Task requirements: Transcribe the listing verbatim. Do not carry over any pictures.

*** Data shown Section Begins ***

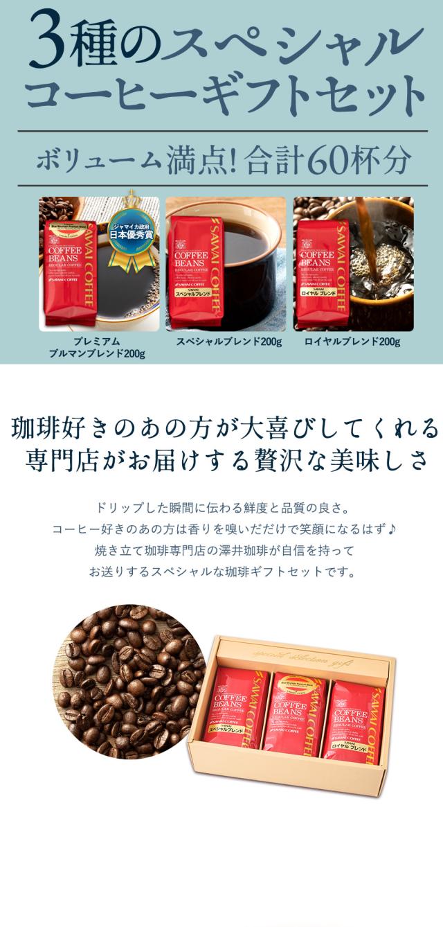 | 内容量 | ・プレミアムブルマンブレンド(200g×1袋) ・スペシャルブレンド(200g×1袋) ・ロイヤルブレンド(200g×1袋) |
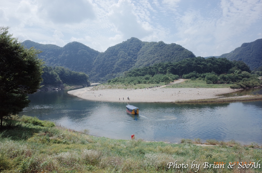 식사를 마치고 나서는 바로 옆의 장릉이 아닌 버스를 타고 조금 더 이동해서는 첫 방문지인 청령포로 이동했습니다. 아래 사진에서 보듯이 동강이 굽이쳐 돌아가는 그 너머의 청령포는 배를 타고 들어가지 않으면 뒤쪽으로 나 있는 숲과 산으로는 나갈 수 없으니, 서해나 남해의 고도에 위리안치 된 것과 같았을 게, 가보니가 알겠더군요. 늦더위가 기승을 부리는 초가을의 땡볕에 주차장에 차를 세우고, 나름 고개를 내려가서는 배를 타고는 청령포로 들어가는데, 청령포 쪽에 내려도 나무가 있는 그늘까지 가려면 꽤나 넓은 자갈밭을 걸어가야 하는데.. 여기 정말 갇혀 살았다면, 이 아름다운 경치가 과연 아름답게 느껴졌을까 싶어서 왠지 모르게 가슴이 메어오더군요.
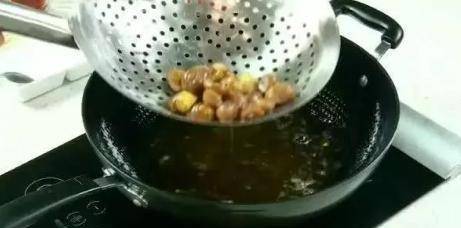 熱鍋燒油,油熱後倒入板栗,稍微炸一下後撈出備用。

*** Data shown Section Ends ***

Output for this exercise:
 | 内容量 | ・プレミアムブルマンブレンド(200g×1袋) ・スペシャルブレンド(200g×1袋) ・ロイヤルブレンド(200g×1袋) |
 식사를 마치고 나서는 바로 옆의 장릉이 아닌 버스를 타고 조금 더 이동해서는 첫 방문지인 청령포로 이동했습니다. 아래 사진에서 보듯이 동강이 굽이쳐 돌아가는 그 너머의 청령포는 배를 타고 들어가지 않으면 뒤쪽으로 나 있는 숲과 산으로는 나갈 수 없으니, 서해나 남해의 고도에 위리안치 된 것과 같았을 게, 가보니가 알겠더군요. 늦더위가 기승을 부리는 초가을의 땡볕에 주차장에 차를 세우고, 나름 고개를 내려가서는 배를 타고는 청령포로 들어가는데, 청령포 쪽에 내려도 나무가 있는 그늘까지 가려면 꽤나 넓은 자갈밭을 걸어가야 하는데.. 여기 정말 갇혀 살았다면, 이 아름다운 경치가 과연 아름답게 느껴졌을까 싶어서 왠지 모르게 가슴이 메어오더군요.
 熱鍋燒油,油熱後倒入板栗,稍微炸一下後撈出備用。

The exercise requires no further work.